Marshawn Lynch Considering Retirement?
It was only a day ago that Seattle Seahawks star running back Marshawn Lynch was considering holdout out for a new contract. Now he might just never come back.
According to NFL Network’s Ian Rapoport, the star running back best known as “Beast Mode” informed teammates prior to last year’s Super Bowl that he could retire if the team won it all. Now that the Seahawks have in fact claimed the league’s title, sources close to Lynch are now saying they “could see him walking away.”
It’s quite a leap considering Lynch was reportedly seeking a new deal as recently as Thursday afternoon. Lynch’s media threat to walk away entirely could either be a ploy to prompt the Seattle brass to take him seriously, or it could actually be legit.

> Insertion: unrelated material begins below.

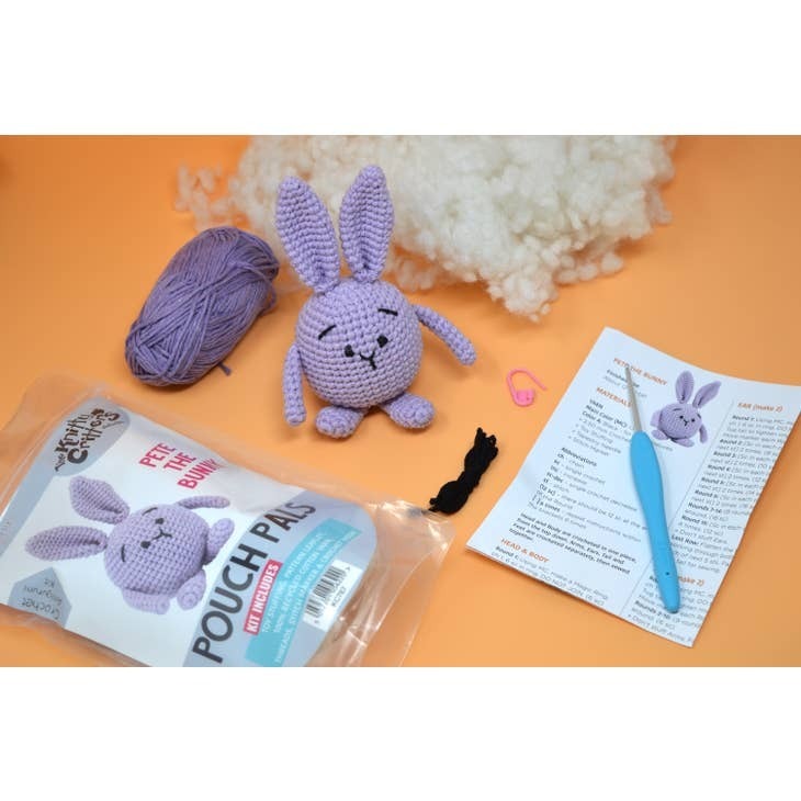 This kit contains everything you need to make your very own amigurumi Pouch Pal - Contents - Toy Stuffing, Pattern Leaflet, 100% Recycled Cotton Yarn, Accessories and Crochet Hook.

Scheduled to make $5 million this year and $5.5 million in 2015 before becoming a free agent in 2016, Lynch has to see this being the last time he can truly cash in on monster money. He’s already 28 years old and about to enter the likely final stages of a solid career, while Seattle already has talented running backs ready to take over behind him.

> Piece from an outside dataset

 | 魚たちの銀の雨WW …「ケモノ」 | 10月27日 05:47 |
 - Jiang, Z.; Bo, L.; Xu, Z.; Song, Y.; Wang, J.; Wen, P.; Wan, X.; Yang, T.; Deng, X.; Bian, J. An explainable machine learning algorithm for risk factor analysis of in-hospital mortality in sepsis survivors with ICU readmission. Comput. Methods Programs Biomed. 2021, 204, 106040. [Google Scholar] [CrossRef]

It’s entirely possible Lynch just sees the writing on the wall and is doing all he can to maximize his earnings before he slowly gets pushed out of Seattle.
That, or he’s taking his time and actually thinking now might be a good time to “hang’em up”. After all, Lynch would be riding off into the sunset with a Super Bowl ring, something not everyone is able to do at the end of their career. Factor in over 900 carries the last three years as Seattle’s top runner, and Lynch has to know his best days are quickly slipping behind him. While he can still be productive at an elite level for another 1-2 seasons, he could still drop off at any moment, or the Seahawks could start limiting his role in the offense to get others involved.
It’s possible Lynch wants no part in some type of slow fade out.
Another aspect to consider is the natural wear and tear NFL players in general take on their bodies. This is only magnified at the running back position and even at a higher level when you factor in Lynch’s punishing running style. With this in mind, Lynch could think retiring at 28 isn’t all that crazy. Doing so could protect his body for the long haul, rather than hold on for a few extra seasons and risk permanent damage of some sort.
While it’s not likely Lynch is serious about retiring, it’s also not insane for an elite rusher to retire at a fairly young age. Minnesota Vikings running back Robert Smith retired many years ago despite having a ton of money on the line, while superstar backs Jim Brown and Barry Sanders both retired in their primes.